Last month, I wrote about the power of words in Judaism. I focused on filling one’s mouth with thankful words, but lashon hara (evil speech) does exist. Sometimes it exists in our own mouths or in our own fingertips and causes pain to those around us.
In Judaism, on Yom Kippur, we ask G-d to forgive the sins we committed against him, but in order to be forgiven for wrongs we’ve committed against others, we have to offer our sincere apologies and ask for forgiveness. G-d can forgive us for transgressions against him, but for transgressions against other people, the power of forgiveness lies with those people.

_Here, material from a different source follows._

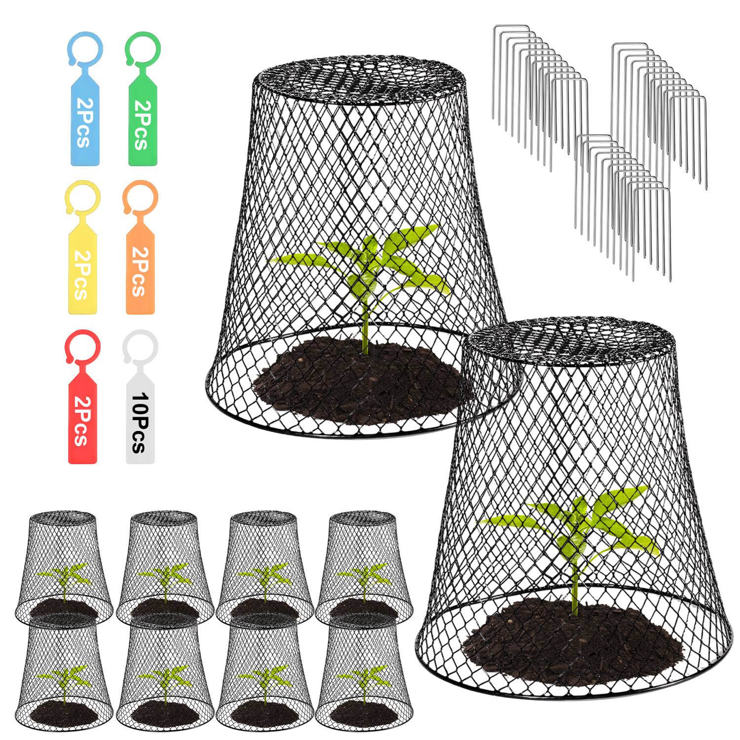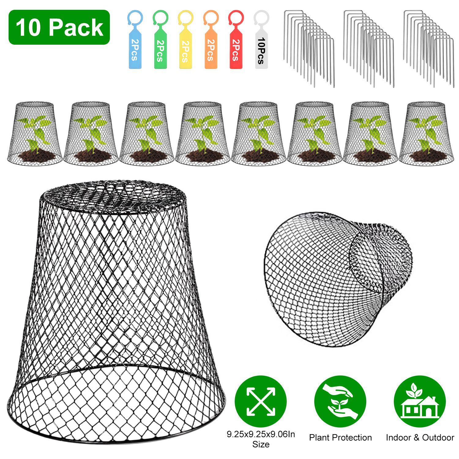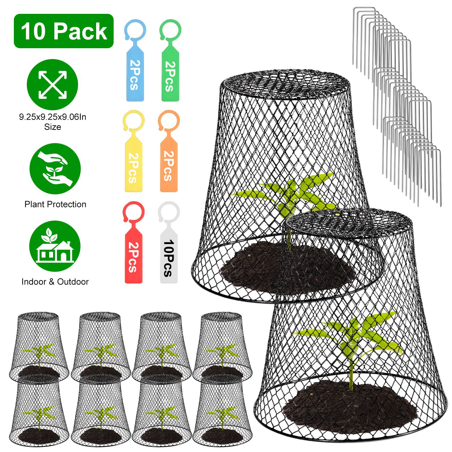 Get all-season protection for your plants! You'll receive 10x Garden Cloches, 30x U-shaped Garden Stakes, 10x White Labels, 10x Color Labels, providing excellent coverage to guard the fruits of your labor. Measuring 9.25inches in diameter and 9.06inches in height, not only help protect your plant seedlings, shrubs, flowers and vegetables from damages of squirrels, rabbits, birds, deer and bunnies etc., but also provide larger space for healthy plant growth. Constructed out of premium iron wires, sturdy, rust and wear resistant and reusable. Easy to install and use. Can be used both indoors and outdoors.
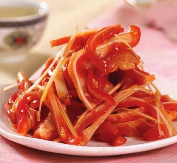 做法:1.豬耳朵洗凈,汆燙後撈出,用刀刮凈外皮上的油垢;鍋內加清水及料酒,將豬耳朵煮 20 分鐘至熟後撈出,斜刀片薄,再改刀切絲。

According to Maimonides, in chapter 2 of Hilkhot Teshuva, there are three steps to teshuva (repentance, literally “Return” to G-d).
- “the sinner abandons his sin”
- “resigns in his heart never to commit it again”
- “He likewise should regret the past, as it says, ‘For after I have returned I am remorseful’”
To find forgiveness, we must first recognize and stop the behavior. Whether we shouted insults at someone in public or replied to a private e-mail a bit snarkier than we intended on a particularly exhausting day, we have to see that we’ve caused others pain and we have to make every effort to not say such things again.
We have to step outside our own wants and needs. If we behave like stubborn children who stomp our feet and insist we were right—concerning ourselves only with our own point of view, then we cannot grow, we cannot mend, we cannot seek teshuva. While some may immediately recognize and regret that they’ve caused those around them harm with their words, others may insist they did nothing wrong. Even in cases where we may have said something we truly believe, maybe we did so in an unkind way. Maybe we were so concerned with our own strong feelings on a matter that we failed to take others into account and so we said or typed things that caused them irritation. It is our responsibility to recognize that we have hurt others and act accordingly.
Most importantly, we must express remorse not just to ourselves, our close friends, or G-d, but to the person wehurt. This may be the most difficult part. It means not only admitting we were wrong, but doing so to other people. It also requires us to step up and do something. We can’t be forgiven by simply recognizing our sin or even regretting it. Apologizing and asking the person we hurt for forgiveness may be extremely uncomfortable, but it is essential.
“Sometimes you just have to say you’re sorry. It’s more than that…It’s more than saying sorry. It’s meaning it. It’s letting the apology change things. But an apology is where it has to begin.” –Neil Gaiman, Mirrormask.